Маяковский знал о дочери
У неё были веские причины для страха. В те годы, когда эпидемия сифилиса охватила страну, последствия врождённой болезни были широко распространены, а рассказы о мертворождённых детях были обычным явлением в разговорах о знакомых. Маяковский ещё общался с Шамардиной, когда приезжал в Минск для чтения стихов. Однако, после откровений Чуковского, повторное общение было невозможным. Они просто поговорили и навсегда расстались.

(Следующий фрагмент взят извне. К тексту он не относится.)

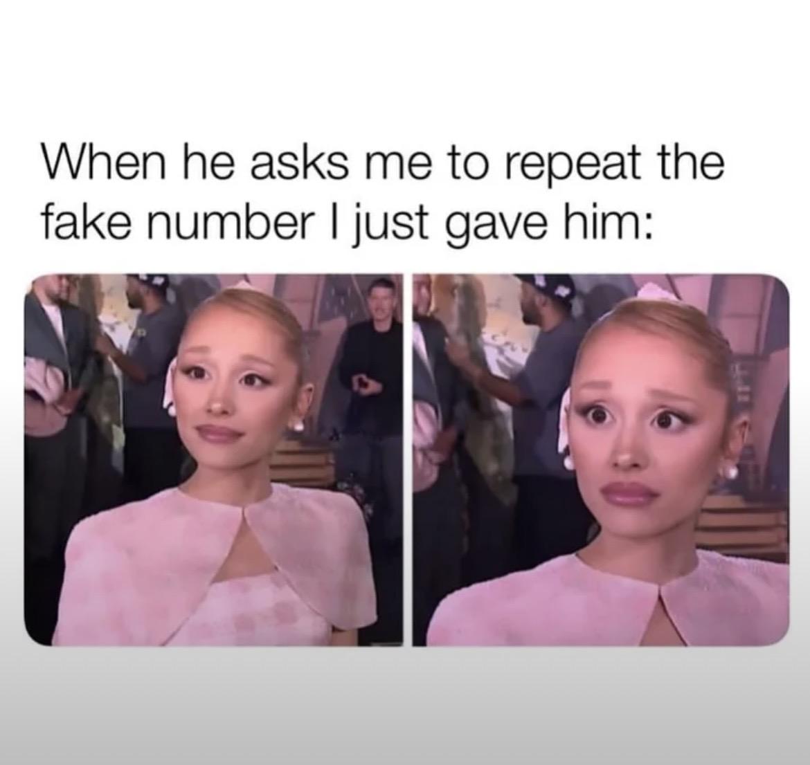This humorous meme captures the panic of being asked to repeat a fake phone number you just gave out, featuring a relatable reaction from Ariana Grande.
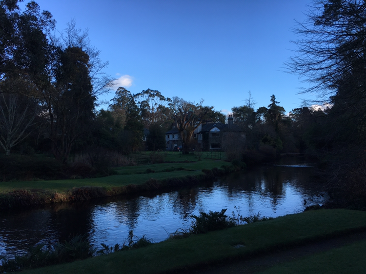 우리는 이정표가 안내하는 추천루트를 따라 돌기로 했다. <야생화>라는 푯말이 꽂혀있는 작은 들판을 지나 커다란 나무들이 양옆으로 호위하는 숲길로 들어서니 청량한 물소리가 들린다. 걸을 수록 물소리도 가까워지더니 이내 눈앞에 작은 강과 흰 다리가 나타났다. 다리 중간쯤 서서 가든 전체를 바라보니 탄성이 절로 나왔다. 맑은 수면 위로 떨어지는 햇살, 각기 다른 모양의 나무들과 사이로 난 숲길들, 그리고 새소리...마치 인상파 화가의 그림 속에 들어와 있는 듯한 기분이었다. 다리 건너편에는 고풍스런 저택과 잘 손질된 정원이 있었는데 '프라이빗' 사인과 함께 굵은 자물쇠가 걸려 있었다. 아마도 가든 소유주의 사택인 모양이었다.
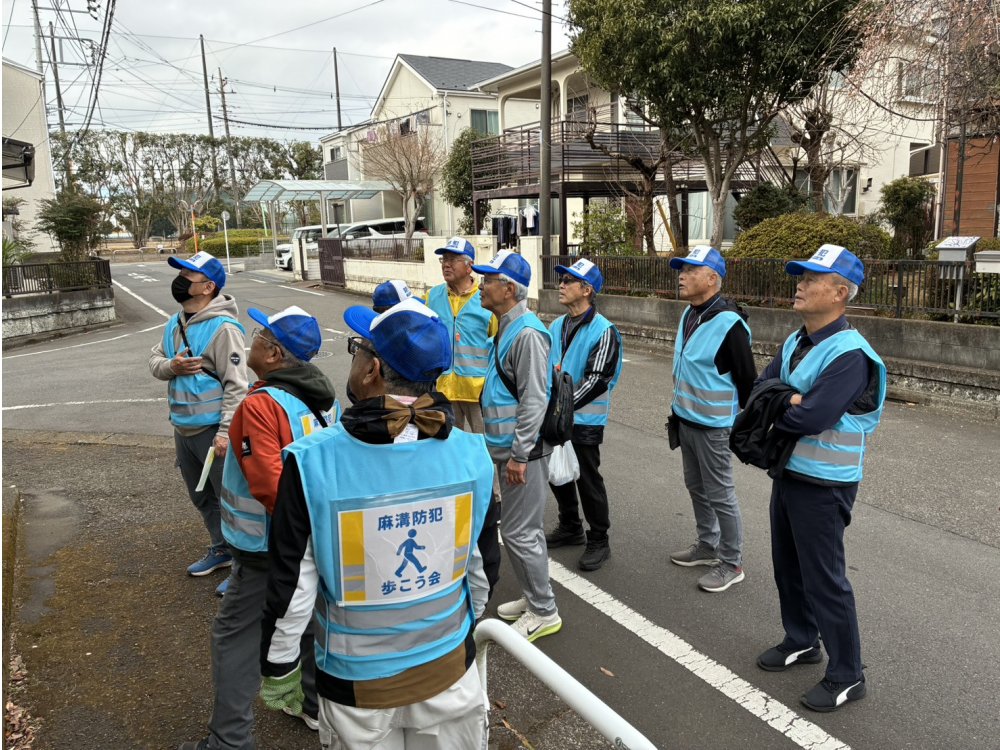 麻溝地区では、毎月、安安の防犯部会による徒歩のパトロールが実施されております。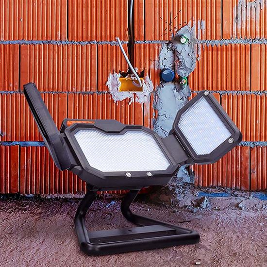 Maximální světelný výkon a absolutní mobilita – to je přenosný LED reflektor s výkonem 50W, světelným tokem až 5000 lm a integrovanou Li-Ion baterií s kapacitou 12000mAh. Nabízí tři režimy svícení (100 %, 50 %, 20 %) a výdrž až 10 hodin na jedno nabití.
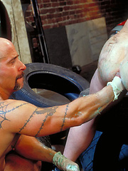 Shaved fisting bottom Spike arrives on time for his lube job with power-top Max Stone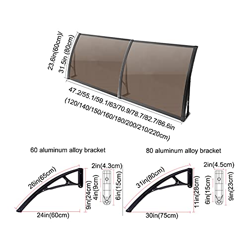ZXCVBNAS Tenda da Veranda Pensilina,Capottina per Porta O Finestra per Esterno,Tetto Policarbonato Alveolare Trasparente,Tettoia Protezione Ultravioletta (UV), Veranda Alveolare,60x120cm/24x48in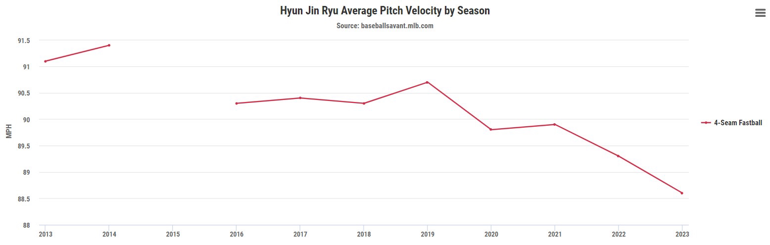 度落在92到95英哩左右,最快能碰到97英哩,且由於他投球時手臂的延伸比聯盟平均要多

Существовала версия, что после смерти Маяковского у него не осталось наследников. Однако на встрече с Шамардиной Владимир поведал Соне о дочери, живущей в Америке. Её зовут Хелен, Элли, Леночка. При этом он не упомянул – вероятно, сам не зная – о сыне, проживающем в СССР. Мальчика назвали Глеб-Никита, с двойным именем. Оба ребёнка носили фамилии не своих отцов. Хелен – фамилию бывшего супруга своей матери, а Глеб-Никита – фамилию её нынешнего мужа.
В эпоху, когда генетические тесты были недоступны, а использование презервативов не было распространено, женщина сталкивалась с необходимостью самостоятельно определять отца ребенка, особенно если претендентов было несколько (в начале XX века в СССР и, например, в Германии наблюдалась настоящая сексуальная революция – Лиля Брик не только имела множество любовников, но и знакомила их с другими женщинами). Мужчине же оставалось лишь доверять или не верить словам женщины о том, что ребёнок от него. Небольшую ясность могли внести лишь внешние сходства. Эта неопределённость является одной из причин, по которой отцовство Маяковского по отношению к девочке Хелен постоянно подвергалось сомнению. Что касается отцовства в СССР… О нём ничего не знали до двадцать первого века. Но, узнав, поставили под сомнение и его.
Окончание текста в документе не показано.